INFORMATION SUPPLIED:
┌──
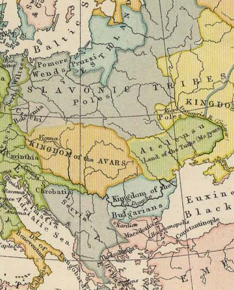 The Public Schools Historical Atlas edited by C. Colbeck, published by Longmans, Green, and Co. 1905.
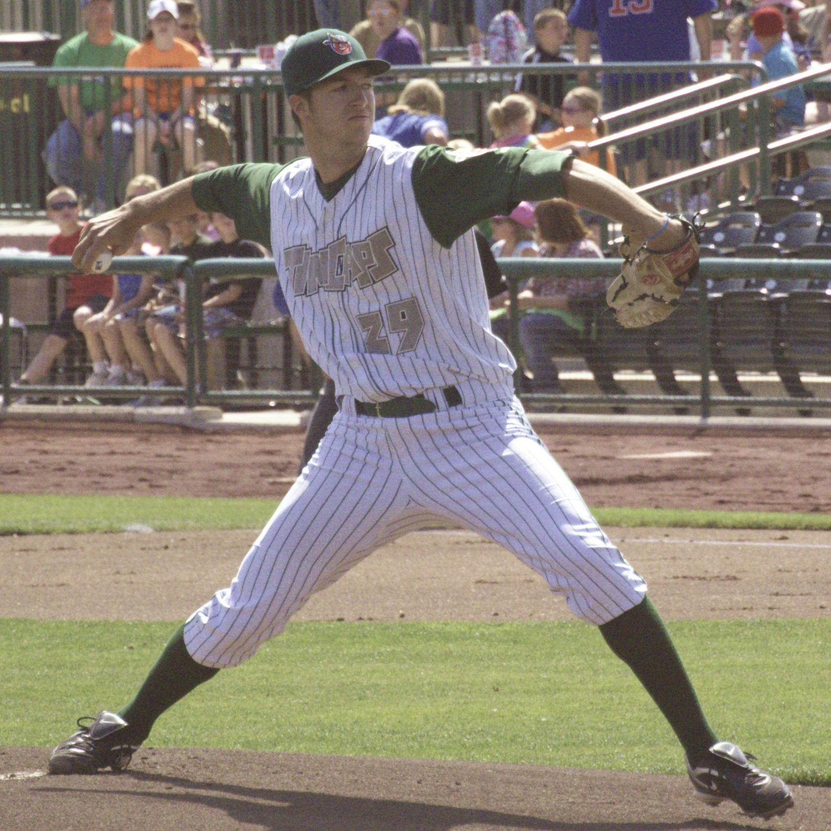 Colin Rea
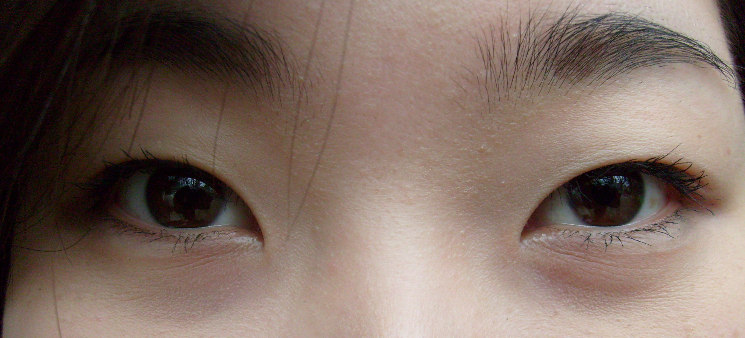 typical epicanthic fold, at a Korean woman
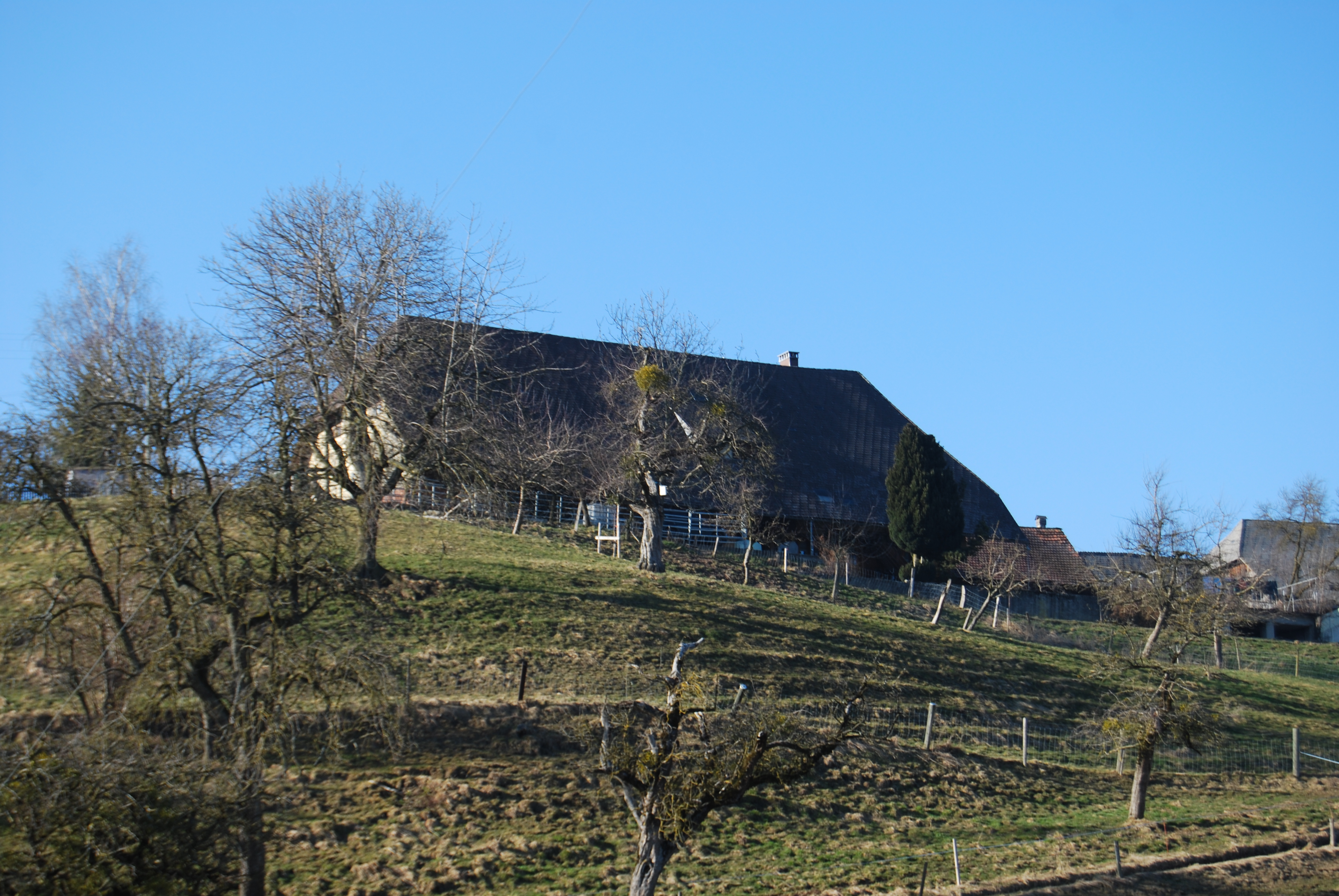 Walterswil, canton of Bern, SwitzerlandEsperanto: Walterswil, Kantono Berno, Svislando
└──
TRY IT: Please copy, exactly and only, the lines of the listing that run from the one holding "typical epicanthic fold, at a Korean woman" through its last line, and exclude pictures.

EXERCISE ANSWER:
 typical epicanthic fold, at a Korean woman
 Walterswil, canton of Bern, SwitzerlandEsperanto: Walterswil, Kantono Berno, Svislando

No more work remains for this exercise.